_Work required_
Everything in the data below except the pictures must be repeated word for word.

_Information supplied_
▼▼▼

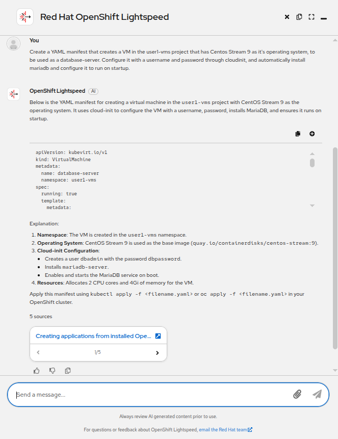OpenShift Lightspeed will respond with with a YAML manifest that can be used to create the VM we have requested and its rationale for providing its answer.
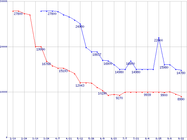 メモリ主要製品の最安値推移
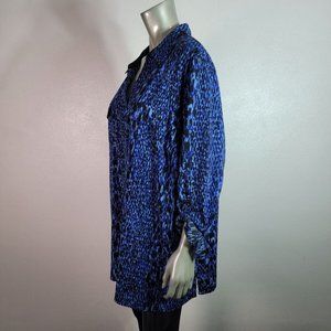 Maggie Barnes Top Plus Size 2X 22/24W Tab Sleeve Stretch Collared Button Up Blue Pockets Long Sleeve Casual

▲▲▲

_Task answer_
OpenShift Lightspeed will respond with with a YAML manifest that can be used to create the VM we have requested and its rationale for providing its answer.
 メモリ主要製品の最安値推移
 Maggie Barnes Top Plus Size 2X 22/24W Tab Sleeve Stretch Collared Button Up Blue Pockets Long Sleeve Casual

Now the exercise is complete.